I’m not saying designer shops are any better – I don’t frequent those outlets enough to comment. But the likes of Weekday, Monki, H&M and Uniqlo all stock plain, sporty basics (T-shirts and jeans) that are basically interchangeable. Urban Outfitters is the same, but some items might be tie-dye or neon. Meanwhile, Zara, & Other Stories and Cos (too many of these brands are owned by H&M) sell the workwear-oriented version of this, with plain wrap dresses, shift dresses, cropped trousers and blazers, almost always in muted tones and very familiar boxy shapes and cuts. I call this style of clothing “the Scandinavian workwear-thing” – and I remember when it was new and fresh, and when people would joke about wanting to be “the Cos woman”. That was more than a decade ago now.
Fashion has always been repetitive: historic trends are recycled, but popular items are also replicated across brands (that is essentially what a trend is); but the rate at which things are copied has accelerated over the past few decades and, at the same time, things seem to have stopped moving forward. Black skinny jeans, which look bad on almost everyone (they make even very thin people look like bloated storks) have been stocked and worn widely for more than 20 years. They never went away and came back again, but instead lingered for that entire time.
And it’s not just skinny jeans. Other items that seem to have been sold across every high-street shop continuously for years now include swishy trousers (almost always in black, grey, pale peach or taupe) with a high waist and a wide cloth belt; cropped trousers in an office-friendly material; cropped denim trousers; straight-legged denim trousers; stretchy flares; scoop-neck T-shirts with a cap sleeve (maybe the most unflattering item ever designed); muted-tone wrap dresses; long dresses made of wool; sheer blouses (often black) usually worn with an opaque vest underneath for modesty; work shirts with a round collar; long belted beige cardigans; stretchy jeans with a pretend fade; smock dresses and tabard shirts.

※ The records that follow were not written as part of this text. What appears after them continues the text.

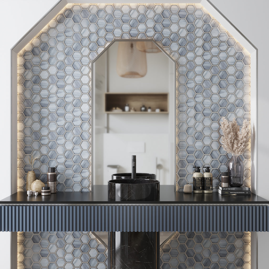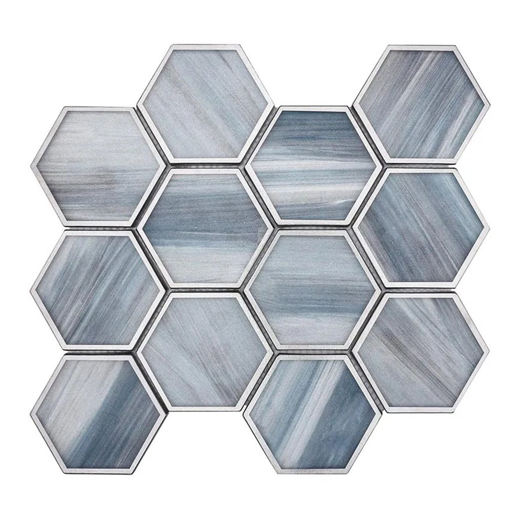 Light Frost Blue 9x10 Matte Hexagon Glass Mosaic Tile
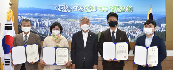 | ↑↑ 이기동 경산시의회 의장(가운데)이 시의회 의장실에서 결산검사 위원들에게 위촉장을 수여한 후 기념촬영을 하고 있다. |
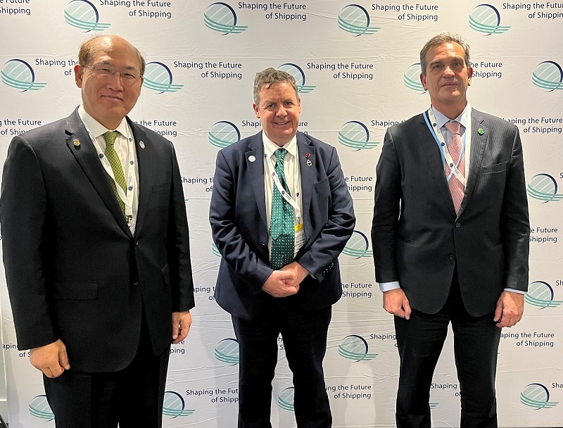 Left to right – IMO Secretary-General, Kitack Lim, ICS Secretary General, Guy Platten and Javier Manzanares, Deputy Executive Director of the Green Climate Fund, meeting in the margins of the Shaping the Future of Shipping conference in Glasgow at COP26 | Photo credit: ICS
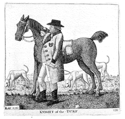 In 1789, caricaturist John Kay entitled his likeness of Sir Archibald, Knight of the Turf, likely as a nod to his presidency of the Caledonian Hunt.[6]
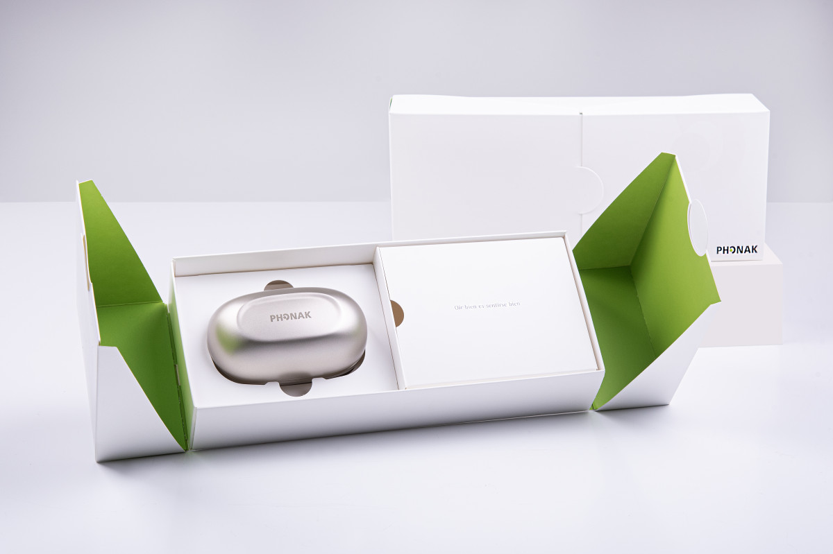 Nachhaltige Verpackungslösung für Phonak überzeugt internationale Jury Die ausgezeichnete Phonak-Verpackung steht exemplarisch für die nachhaltige Ausrichtung moderner Medical- und Pharma-Verpackungen. Sie besteht vollständig aus FSC®-zertifiziertem Frischfaserkarton, ist kunststofffrei und vollständig recyclingfähig. Gleichzeitig bietet sie zuverlässigen Produktschutz sowie hohe Effizienz in Transport und Logistik. Auch gestalterisch setzt die Verpackung Akzente: Ein klares, reduziertes Design sorgt für Orientierung und Wertigkeit, während das charakteristische Phonak-Grün im Inneren ein prägnantes Markenerlebnis schafft.
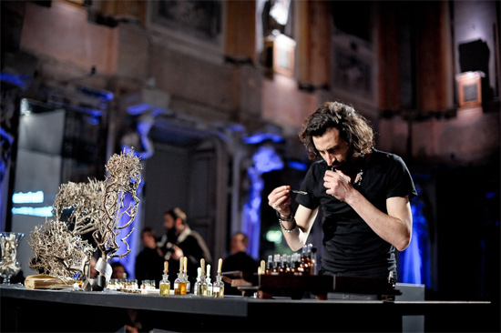 イタリアはパルマに近いサルソマッジョーレ・テルメ(Salsomaggiore Terme)のパフューマリーです。Giuseppe Imprezzabileによるプロジェクトという感じのブランドなのですが、ご本人の本名よりもMeo Fusciuniとしての方が有名ですので、アーティストネームみたいな感じです。彼はパルマ大学でハーブを学んだ化学者で、卒業後はモロッコ、トルコ、中東など各地を旅しながら植物、特にハーブとスパイスの知識を高めたそうです。調香師と呼ばれるよりもAromatario(ハーブやスパイスを扱う昔の香料売りのこと)と呼んでほしいと言っていますが、特別に調香スクールで学んだわけではなく全てが独学で、彼はいわゆる名香の模倣は出来ません。どちらかというとアーティスト的な感覚の方で、香水を手がける前はイベントで空間演出をしていたんですよね。
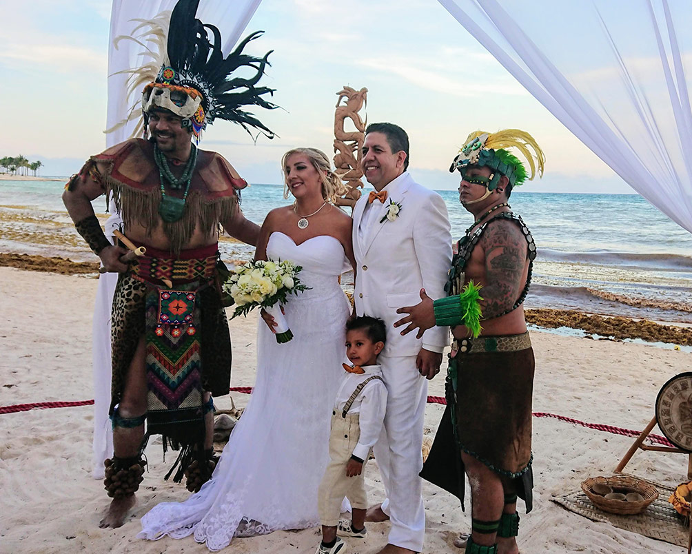 La mística ancestral del ritual maya que bendice la unión de las almas, se plasma en esta hermosa y significativa Ceremonia de enlace maya para bodas. Una emotiva y auténtica forma de celebrar su enlace en la cual sus invitados serán partícipes y no sólo testigos. Adaptable a todo tipo de espacios, ideal para una mágica boda en la playa. La ceremonia se imparte en español y/o inglés.
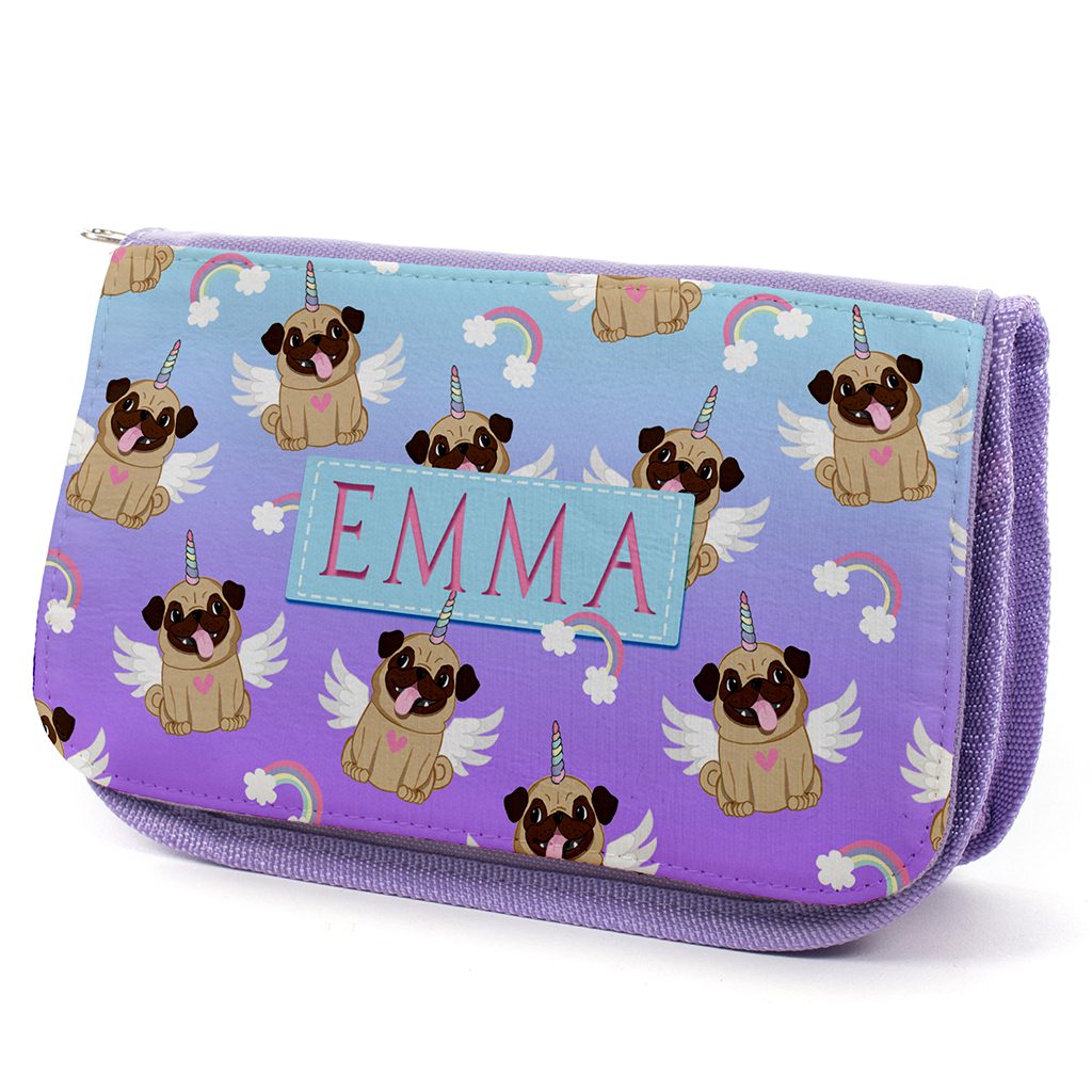 Personalised Pug Unicorn Kids Purple Pencil Case KSP144

What high-street shops offer now is essentially a lumpen average of too many people’s tastes and lifestyles. This is the result of a consumer culture in which everyone is being catered to all of the time. And newness (as in a constant stream of new products) is treated as akin to innovation: nobody is really being catered to, and nothing is really new. Dean Kissick put it well in a recent Spike Art column, saying: “There’s just too much of everything. There are too many different Oreos. 65 flavours in eight years is too many.”
A “fashion lover” in this landscape is not a person with any particular taste, but rather a person who enjoys constantly shopping for new things that are essentially the same as the old things. A person who thinks that buying items from heavily marketed, occasional designer/high-street collaborations is a mark of discernment or style, rather than extreme susceptibility. Is it any wonder that so many young women have turned to secondhand shopping instead? Apparently, one third of all millennial and Gen Z women in the UK use secondhand shopping platform Depop. Anecdotally, all of the well-dressed people I know speak of the high street with a sense of dread, a place where you “have to go to get black trousers for work”.
There is a way of talking about anti-consumerism as if it is bland and joyless. This ignores the fact that consumerism itself is also now totally bland and joyless. The companies that dominate our high streets are risk-averse and put themselves under pressure to make too many things. And I think it says something about the world we have organised for ourselves that an industry responsible for so much exploitation, destruction and rubbish, is also so miserably drab and boring.